The most common methods used by the electronic industry to laminate multilayer circuits:

2007 InduBond 130N Comparative Chemplate Materials, S.L 30/11/2007 Document revelation not allowed without Chemplate

Introduction Lamination of individual circuit layers is a process is used within the PCB industries to manufacture multilayer printed circuit boards. The process requires each layer of the multilayer assembly to be aligned to each other during the lamination cycle. The most common methods used by the electronic industry to laminate multilayer circuits: PINLAM MASSLAM The MASSLAM system has advantages when compared to the PINLAM system, which will be covered in a future document. The purpose of this document however is to explain the differences between the methods used for MASSLAM and InduBond technology. Brief description The MASSLAM system registers the different layers of the multilayer stack without the need for tooling pins during the lamination press process. There are three MASSLAM bonding systems on the market. Rivomat (Mechanical rivets) Standard bonding system (Electrical heaters) InduBond technology (Inductive Bonding)

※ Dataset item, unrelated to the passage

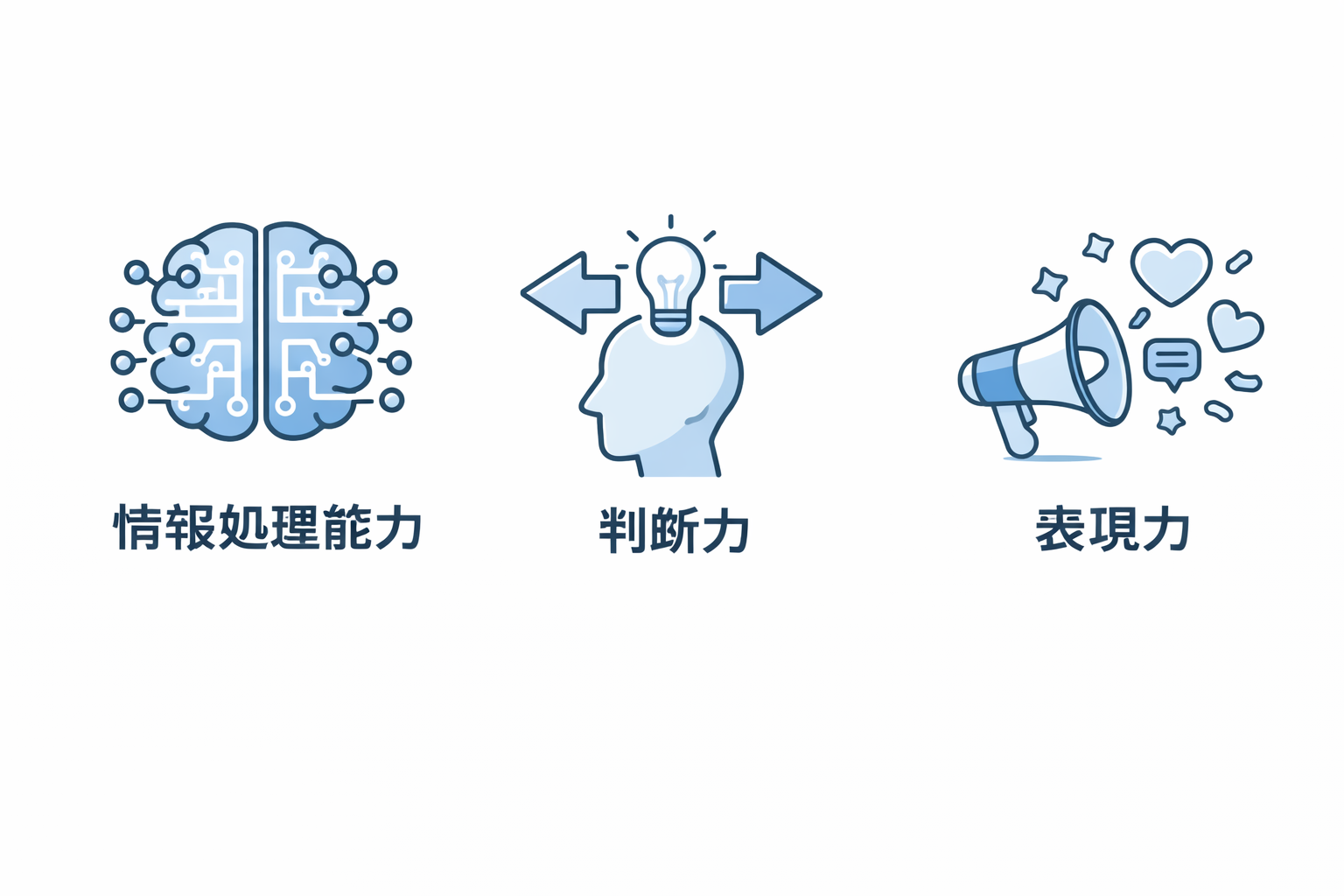 多くのサイトでは「思考力」と一括りにされますが、 実際には次の3つに分解できます。
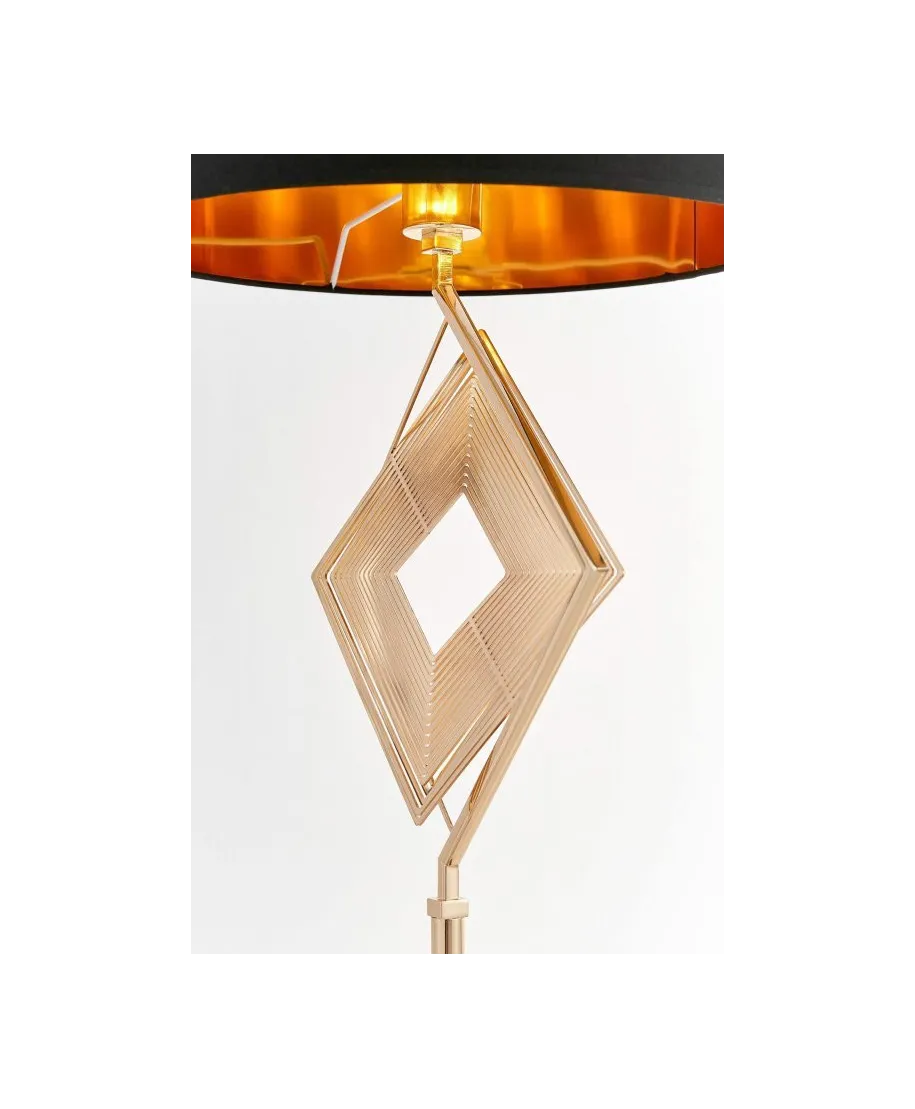 Lampa ta, to połączenie sporego abażura o klasycznym kształcie, którego konstrukcja wykonana została na bazie koła. Powleczono ją materiałem w kolorze głębokiej czerni, kontrastującej z kunsztownym złotym wnętrzem pokrytym błyszczącą powłoką. Tuż pod abaż

System comparisons Rivomat system This mechanical system is probably one of the first systems developed, and is currently used in many companies in spite of its inherent limitations. The process involves the build up the multilayer stack in an accurate pin template that aligns the layers. Typically 8 holes are drilled along the longest dimension of the stack (4 holes along each edge). This process can result in copper or substrate debris being trapped inside the stack. The final operation is to insert the rivets in the holes and press them in place using a high-pressure riveting tool. The uncontrolled mechanical expansion of the metallic rivets produces internal stresses and movements, which can cause the misalignment of the individual inner layers within the stack.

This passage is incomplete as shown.